[[ Given data, beginning ]]

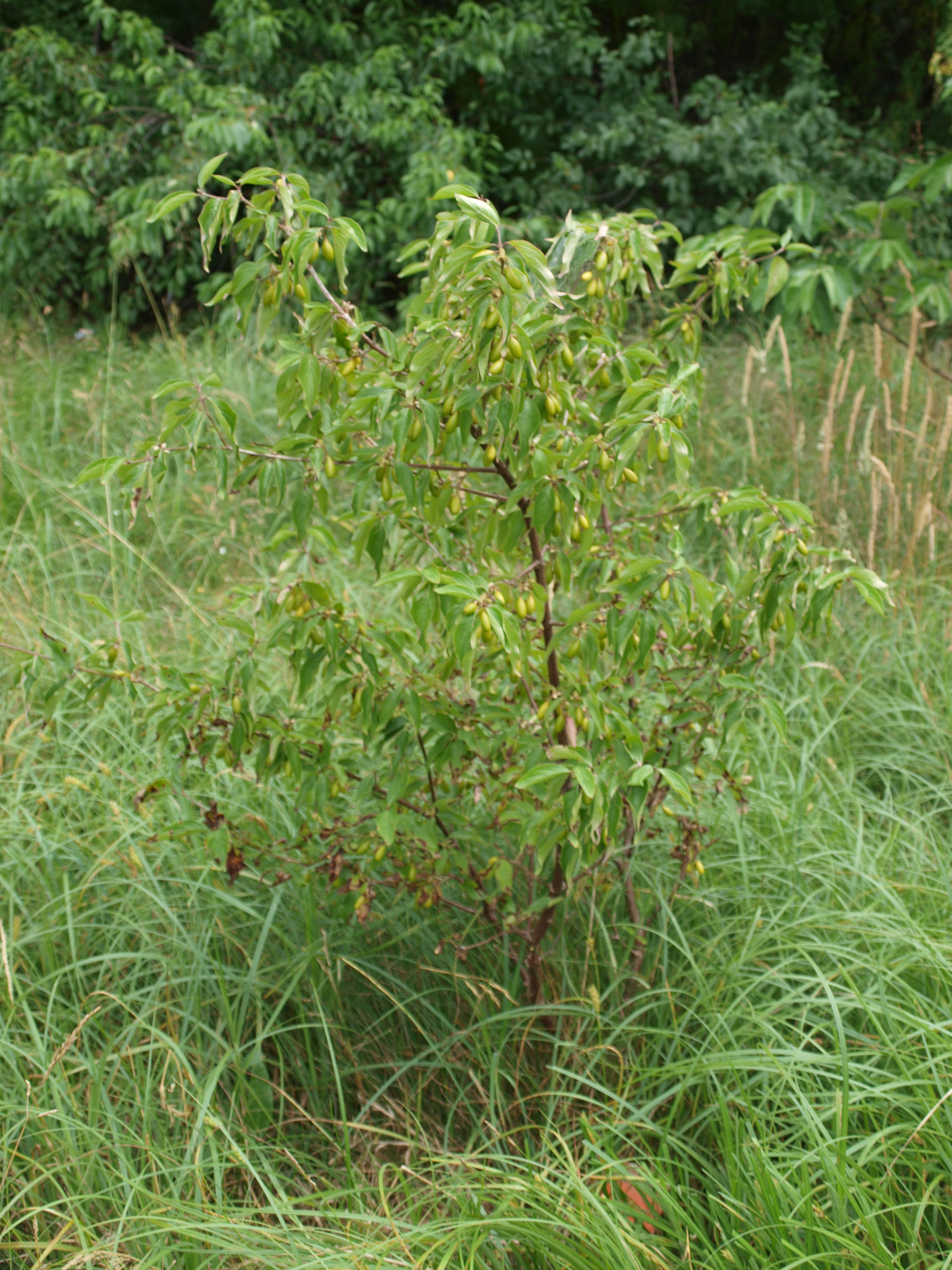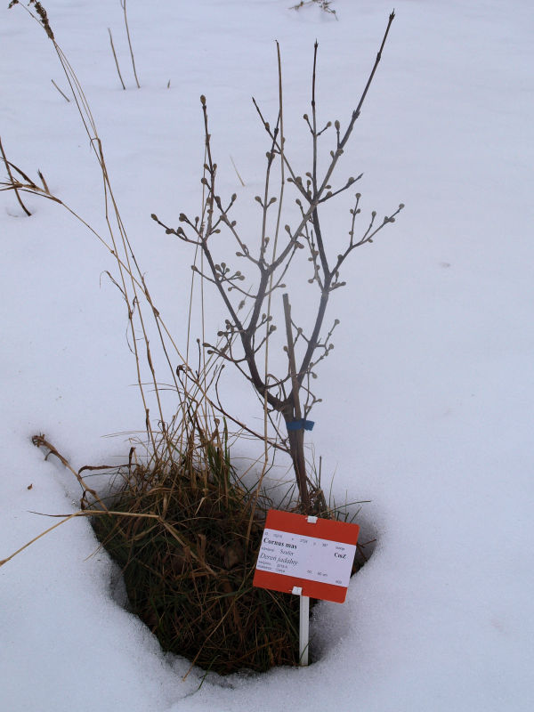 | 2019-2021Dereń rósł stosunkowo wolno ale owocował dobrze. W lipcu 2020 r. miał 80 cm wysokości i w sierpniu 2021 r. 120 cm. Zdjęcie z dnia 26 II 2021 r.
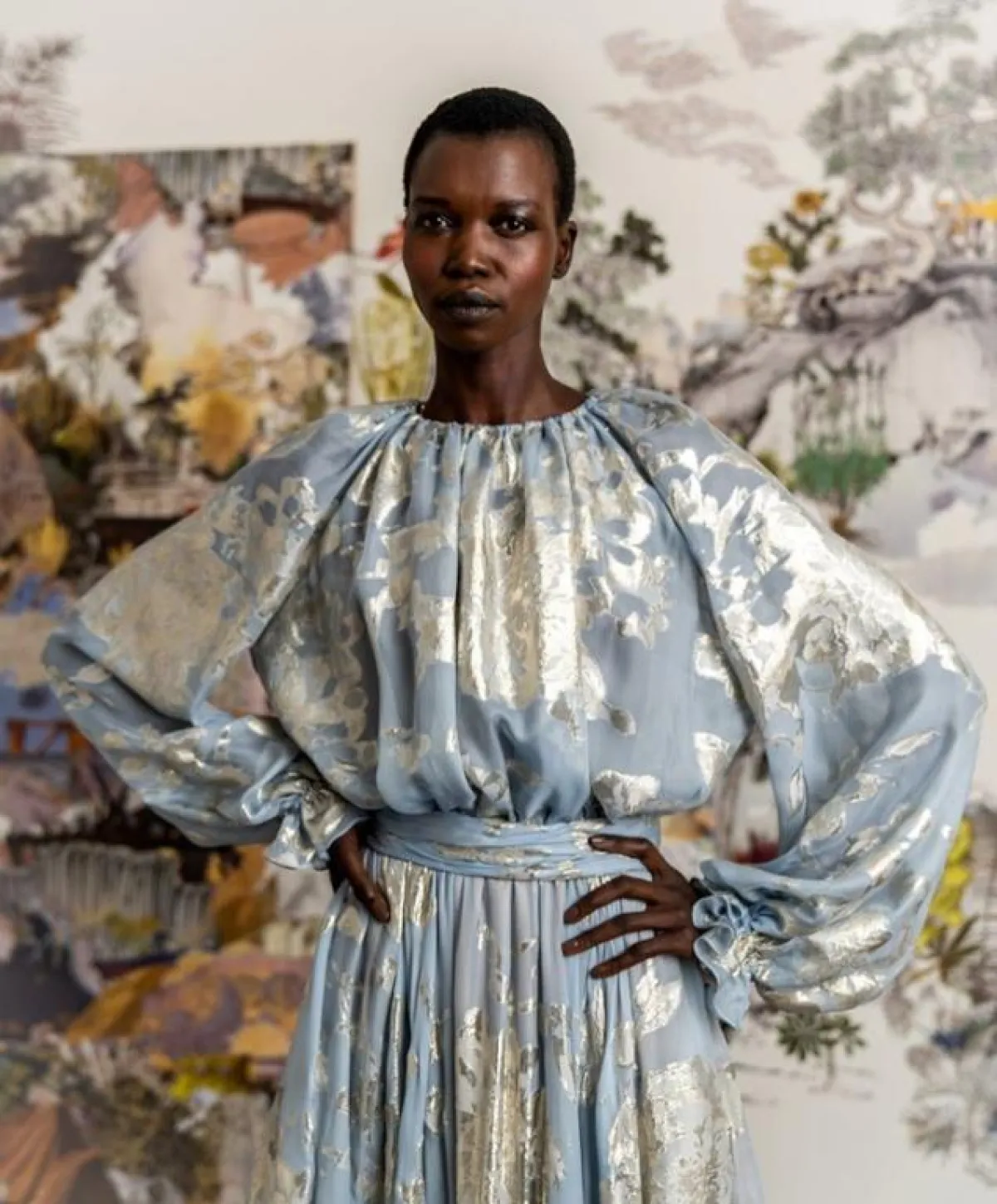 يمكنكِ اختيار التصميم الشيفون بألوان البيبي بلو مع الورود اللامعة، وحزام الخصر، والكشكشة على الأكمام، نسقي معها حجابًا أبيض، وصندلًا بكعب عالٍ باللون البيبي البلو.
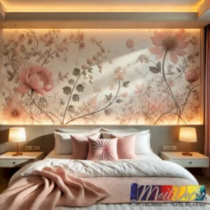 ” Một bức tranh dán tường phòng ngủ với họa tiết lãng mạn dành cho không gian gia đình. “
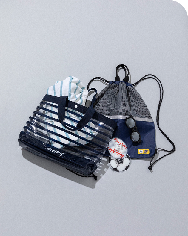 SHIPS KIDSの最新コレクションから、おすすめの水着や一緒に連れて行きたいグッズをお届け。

[[ Given data, end ]]

- **What is needed**: Begin at the line containing "يمكنكِ اختيار التصميم" and stop at the final line of the data. Retype those lines exactly, without the pictures.

- **Answer area**:
 يمكنكِ اختيار التصميم الشيفون بألوان البيبي بلو مع الورود اللامعة، وحزام الخصر، والكشكشة على الأكمام، نسقي معها حجابًا أبيض، وصندلًا بكعب عالٍ باللون البيبي البلو.
 ” Một bức tranh dán tường phòng ngủ với họa tiết lãng mạn dành cho không gian gia đình. “
 SHIPS KIDSの最新コレクションから、おすすめの水着や一緒に連れて行きたいグッズをお届け。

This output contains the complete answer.